- The automotive arm of a large Chinese corporation, Zhejiang Geely Holding Group, is looking to gain a foothold in the U.S. market and may get a boost from President Joe Biden’s administration.
- Polestar is hoping that some of the all-electric SUVs made at its upcoming South Carolina factory will qualify for a $7,500 consumer tax credit offered through Biden’s cornerstone climate law, the Inflation Reduction Act, which subsidize the purchase of electric vehicles, Yahoo Finance reported.
- Geely chairman Li Shufu is a rare Chinese business leader who does not have membership in the Chinese Communist Party, but does serve as a member of a major “political consultative body” advising the Chinese government, according to the National Committee of the Chinese People’s Political Consultative Conference.
A Chinese conglomerate is looking to gain a foothold in the U.S. auto market and may get a boost from President Joe Biden’s administration.
Polestar — founded in 2017 by the Chinese corporation Zhejiang Geely Holding Group and its Swedish subsidiary Volvo — has most recently made inroads with the U.S. auto industry by becoming the latest in a series of auto companies to commit to using U.S.-based Tesla’s North American Charging Standard (NACS), a standardized charging port configuration for electric cars, according to Reuters. In addition to utilizing the NACS — which was partially subsidized by the Biden administration — Polestar is hoping that some of the all-electric SUVs made at its upcoming South Carolina factory will qualify for a $7,500 consumer tax credit offered through President Joe Biden’s cornerstone climate law, the Inflation Reduction Act (IRA), which subsidize the purchase of electric vehicles, Yahoo Finance reported in late March.
The company will first launch a premium version of its upcoming Polestar 3 SUV in mid-2024, starting at roughly $84,000, but that price point would surpass the $80,000 threshold for SUVs to qualify for the credit, Yahoo Finance reported. To take advantage of the tax credits, Polestar plans to launch a cheaper variant with fewer amenities soon after production begins. (RELATED: Biden-Backed Battery Plant Relies On Tech From CCP-Led Chinese Firm)
The Biden administration has made competition with China a priority as relations between the two nations have soured in recent months. While IRA tax credits do not directly finance the Chinese conglomerate, the administration expects that tax credits will help sales of qualifying vehicles — such as the upcoming Polestar 3 variant.
“These commitments are part of President Biden’s Investing in America agenda to spur domestic manufacturing, strengthen supply chains, boost U.S. competitiveness and create good-paying jobs,” reads a White House fact sheet.
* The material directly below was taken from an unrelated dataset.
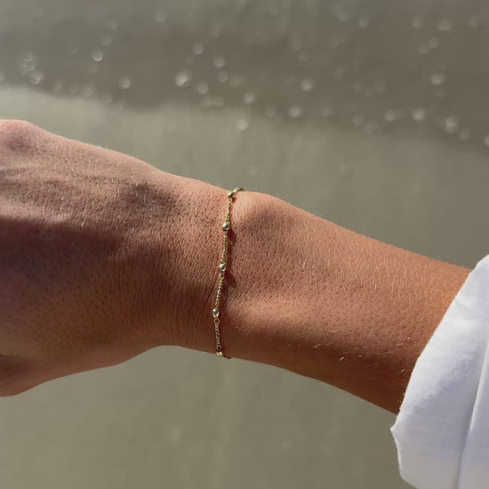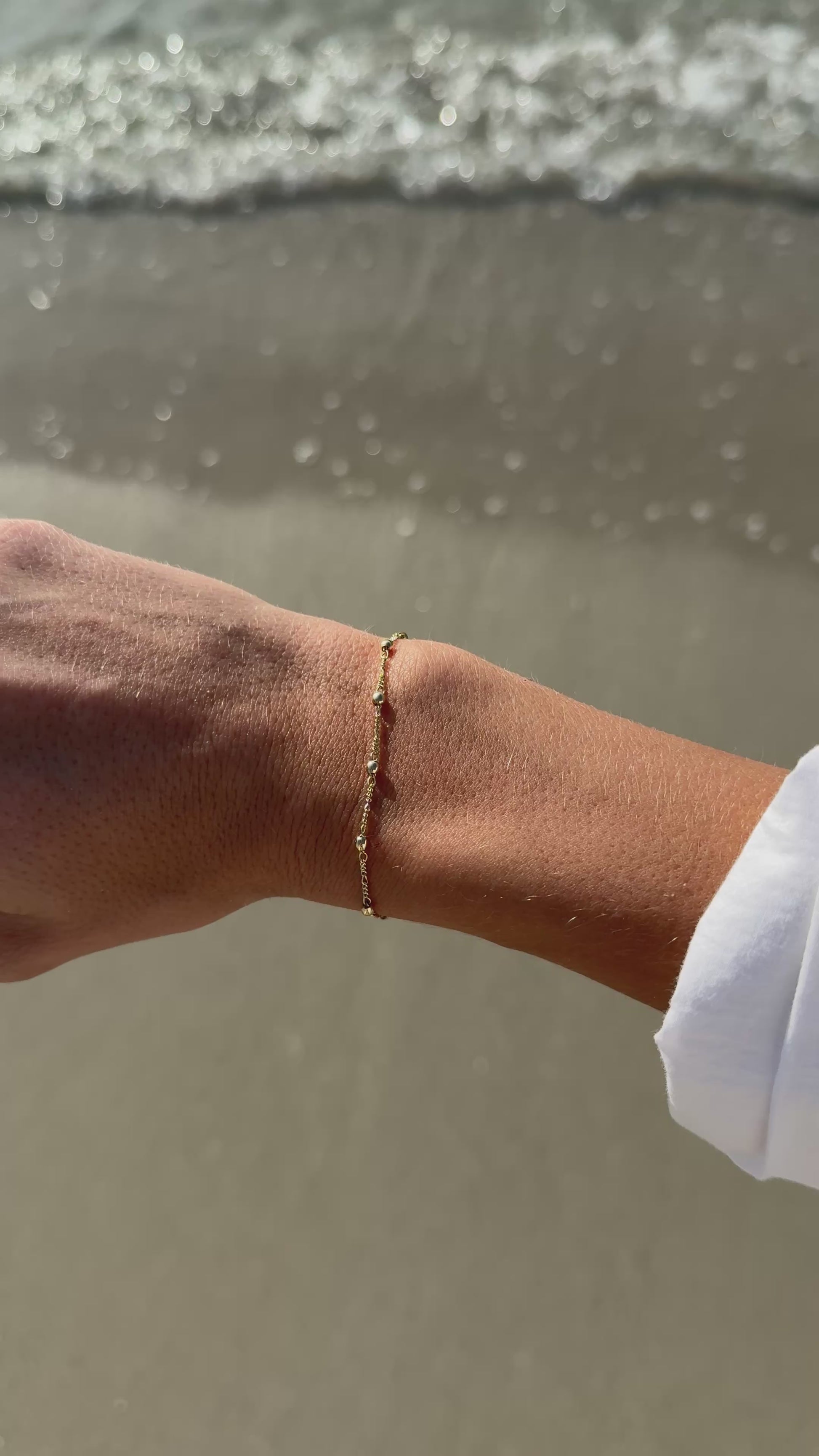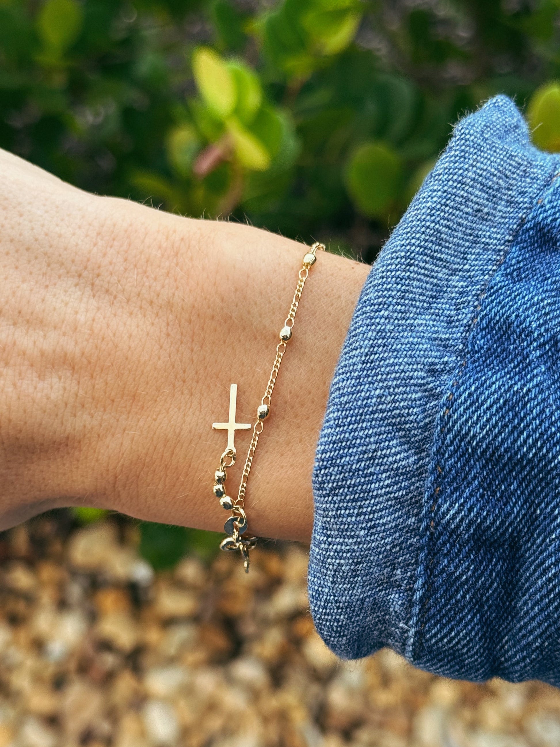 The Ave Bracelet is a daily-wear rosary bracelet designed to keep prayer close at hand. It’s intentionally minimal so it integrates effortlessly into everyday life. Made with 10 gold beads and 3 at the clasp.. complete with a cross as a reminder to pick up and carry your cross daily.

The statement continues, arguing that the IRA “adds and expands tax credits for purchases of new and used EVs—helping bring the benefits of clean energy to communities across the nation.”
The more expensive Polestar 3 variant could still qualify for the $7,500 tax credit through a provision that allows some leased electric vehicles to qualify for the credit regardless of country of origin or cost, Yahoo Finance reported. Foreign automakers lobbied heavily for this exemption, and some analysts expect it to make leasing the primary way U.S. consumers acquire electric vehicles, at least in the near future, Bloomberg reported.
“It will be a big milestone for our brand,” Polestar CEO Thomas Ingenlath said in a 2021 interview with CNBC, referring to the South Carolina factory. “The expression of the car will be so much Polestar and show where our brand is going in the future ahead.”
Geely chairman Li Shufu is a rare Chinese business leader who does not have membership in the Chinese Communist Party, but does serve as a member of the 14th National Committee of the Chinese People’s Political Consultative Conference (CPPCC), which describes itself as a “national political consultative body” advising the Chinese government. The firm’s $1.8 billion purchase of Volvo from Ford in 2010 was largely financed by low-interest loans from a trio of Chinese cities, where the company would eventually locate a pair of factories and a technology center, according to Reuters.
Chinese electric vehicle firms have increasingly been making progress in both Europe and the U.S., leveraging their sheer dominance in mineral supply chains and technical know-how in electrical vehicles to muscle into Western markets, Politico reported on Monday. Roughly 5.4 million electric vehicles, around two-thirds of the global total, were registered in China last year, and 19% of all cars sold in China last year were fully electric.
Chinese automakers “are leveraging their specific product know-how over incumbent European brands that employ a lot of people to make engines,” an anonymous auto manager told Politico. “[Volkswagen] would need to lay off half its staff” to meet the efficiency of its Chinese competitors, the manager added.
Several major clean energy projects — particularly in battery manufacturing and power generation — looking to take advantage of IRA tax credits rely on Chinese technology or intellectual property.
Geely, Polestar and The White House did not immediately respond to the Daily Caller News Foundation’s request for comment.